SECURITIES AND EXCHANGE COMMISSION

Washington, D.C. 20549

 

 

FORM 8-K

 

 

CURRENT REPORT

Pursuant to Section 13 or 15(d) of the

Securities Exchange Act of 1934

Date of Report (Date of earliest event reported): June 10, 2012

 

 

CHRYSLER GROUP LLC

(Exact name of registrant as specified in its charter)

 

 

Delaware

(State or other jurisdiction of incorporation)

 

000-54282

(Commission File Number)

 

27-0187394

(IRS Employer Identification No.)

1000 Chrysler Drive, Auburn Hills, Michigan   48326
(Address of principal executive offices)   (Zip Code)

Registrant’s telephone number, including area code: (248) 512-2950

Former name or former address, if changed since last report: N/A

 

 

Check the appropriate box below if the Form 8-K filing is intended to simultaneously satisfy the filing obligation of the registrant under any of the following provisions:

 

¨ Written communications pursuant to Rule 425 under the Securities Act (17 CFR 230.425)

 

¨ Soliciting material pursuant to Rule 14a-12 under the Exchange Act (17 CFR 240.14a-12)

 

¨ Pre-commencement communications pursuant to Rule 14d-2(b) under the Exchange Act (17 CFR 240.14d-2(b))

 

¨ Pre-commencement communications pursuant to Rule 13e-4(c) under the Exchange Act (17 CFR 240.13e-4(c))

 

 

 


Item 5.02. Departure of Directors or Certain Officers; Election of Directors; Appointment of Certain Officers; Compensatory Arrangements of Certain Officers.

Today, Chrysler Group LLC announced certain changes to its Board of Directors.

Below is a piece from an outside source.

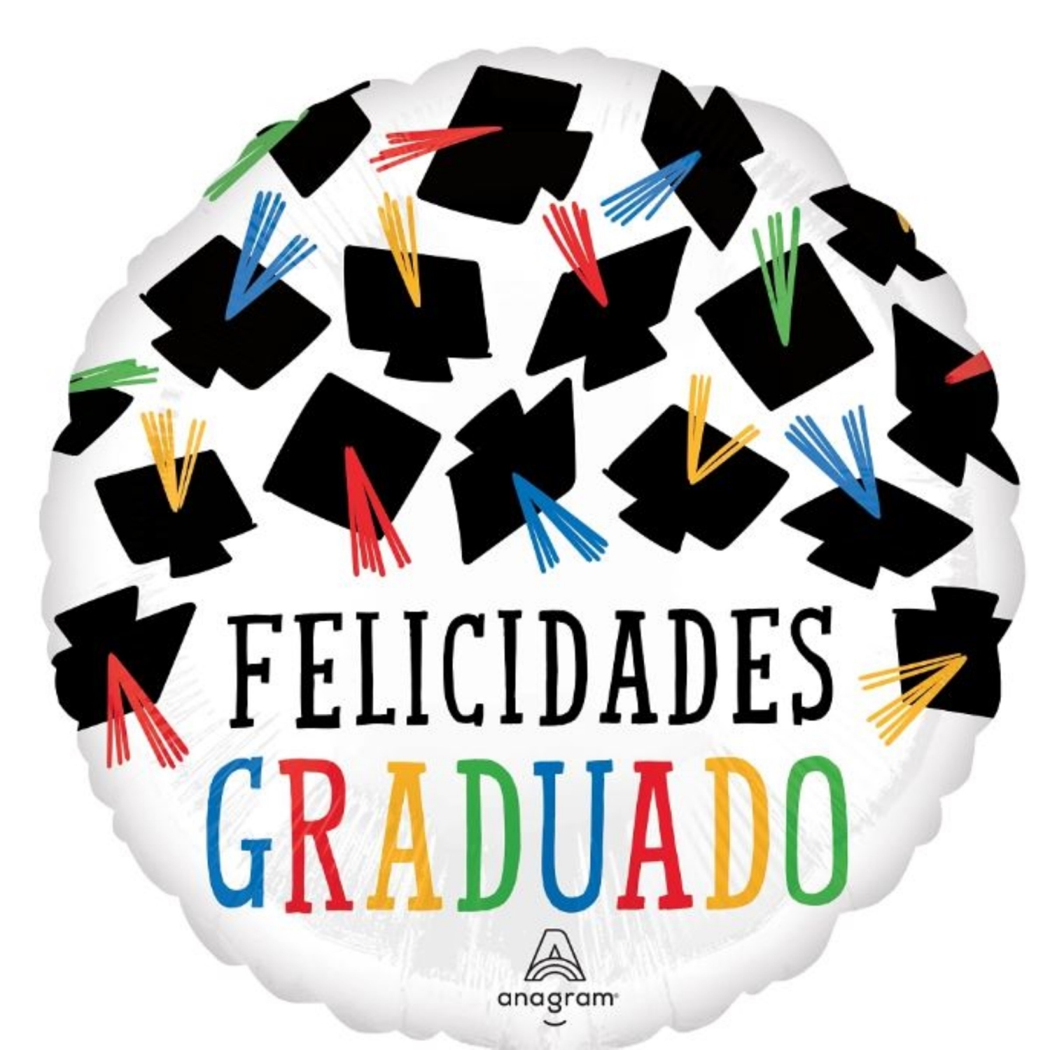 slide 2 of 2, Hats off Felicidades Graduado Balloon, 18", 18 in

The changes were made in accordance with the Company’s operating agreement upon the June 10, 2012 expiration of the terms of its then-current directors. On that date, Fiat exercised its right to appoint five directors to the Board and re-appointed Sergio Marchionne, who will continue as Chairman. Fiat also re-appointed Alfredo Altavilla, Léo W. Houle, John B. Lanaway and Stephen M. Wolf. The VEBA exercised its right to appoint one member to the Board, and appointed Erickson N. Perkins to replace Gov. James J. Blanchard, whose three-year term expired on that date.

In addition, the Board voted to restore its size to nine directors. The independent directors then elected in Dr. Ruth Simmons, who will serve on the Board’s Compensation and Leadership Development Committee. The independent directors also re-elected Douglas M. Steenland, who will continue as Chairman of the Board’s Audit Committee, and Ronald L. Thompson, who will continue as Lead Director and as a member of the Board’s Audit Committee. The Board concluded that both of the new directors, Mr. Perkins and Dr. Simmons, as well as Messrs. Houle, Lanaway, Steenland, Thompson and Wolf are independent directors as defined in the Company’s operating agreement.

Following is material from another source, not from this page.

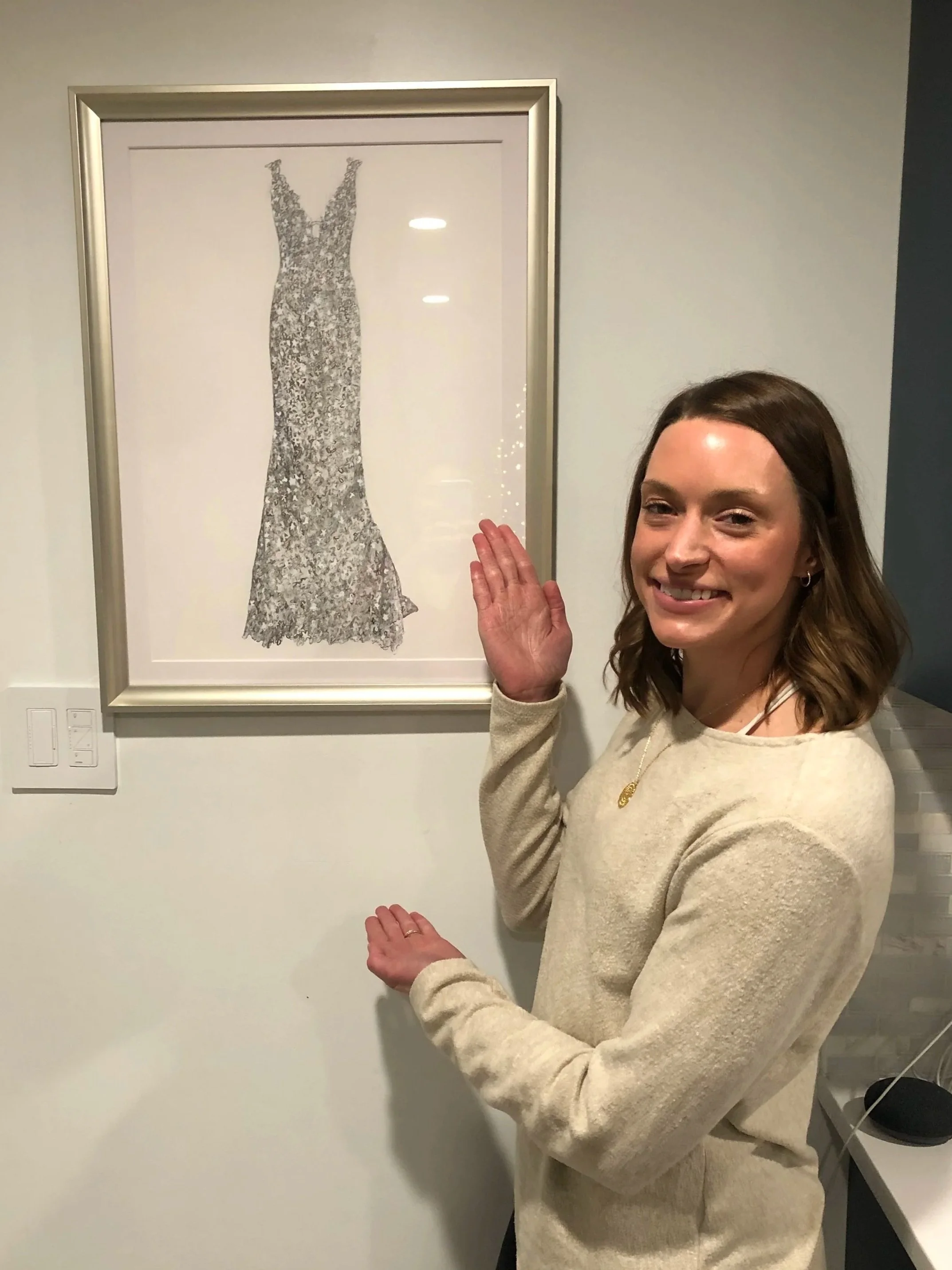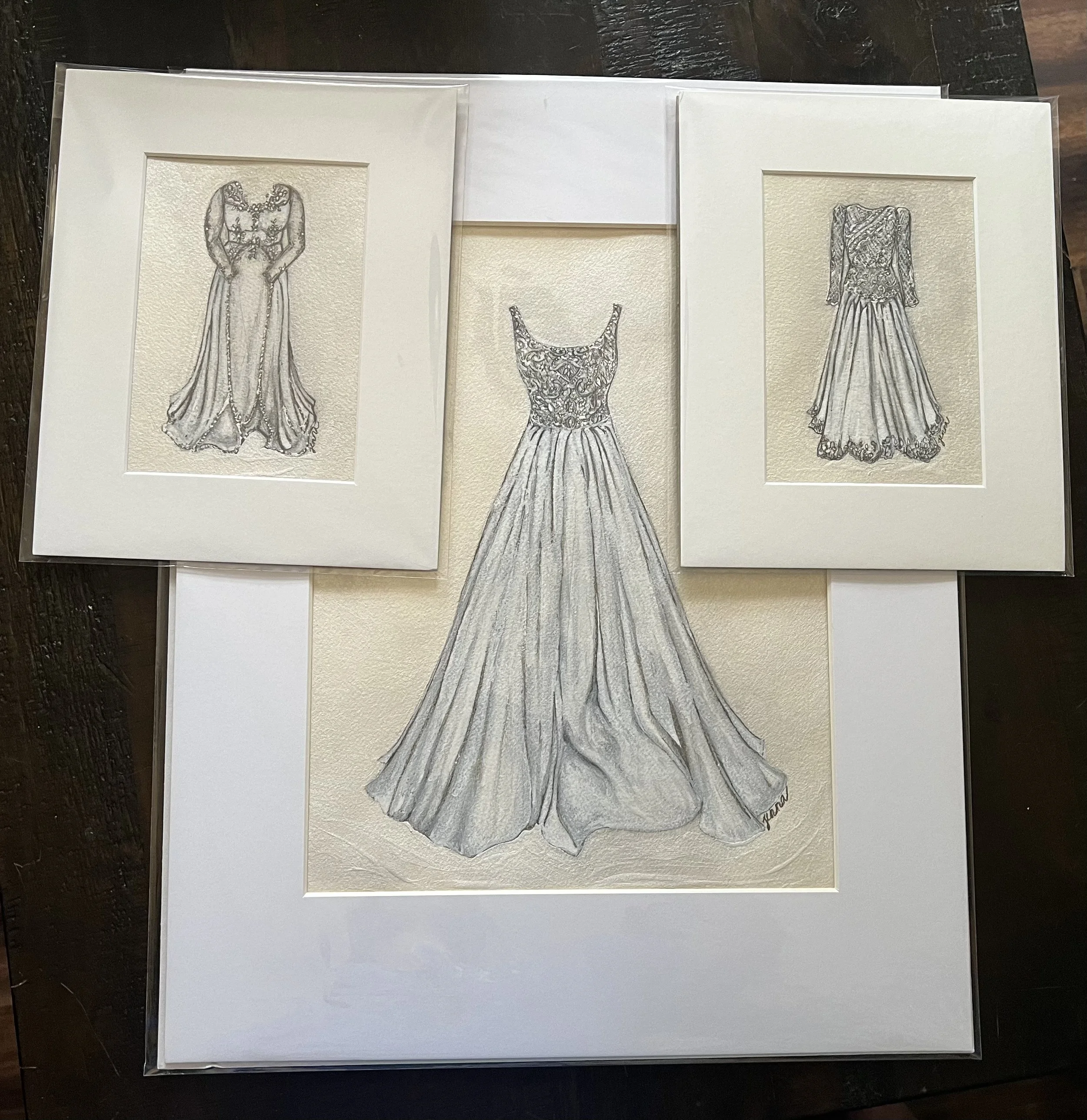 Custom, original wedding dress artwork. Perfect for wedding and anniversary gifts.

In accordance with the operating agreement, all of the directors will serve a one-year term.

A copy of the Company’s press release announcing these events is filed as Exhibit 99.1 and incorporated herein by reference.

 

Item 9.01. Financial Statements and Exhibits.

 

(d) Exhibits

 

99.1    Press Release issued by Chrysler Group LLC dated June 14, 2012.


SIGNATURES

Pursuant to the requirements of the Securities Exchange Act of 1934, the registrant has duly caused this report to be signed on its behalf by the undersigned hereunto duly authorized.

Date: June 14, 2012

 

 

CHRYSLER GROUP LLC

 

(Registrant)

 
 

/s/ Marjorie Harris Loeb

 

Marjorie Harris Loeb

 

Vice-President, Associate General Counsel and

Acting Secretary

 


EXHIBIT INDEX

 

Exhibit

Number

  

Description

99.1    Press Release issued by Chrysler Group LLC dated June 14, 2012.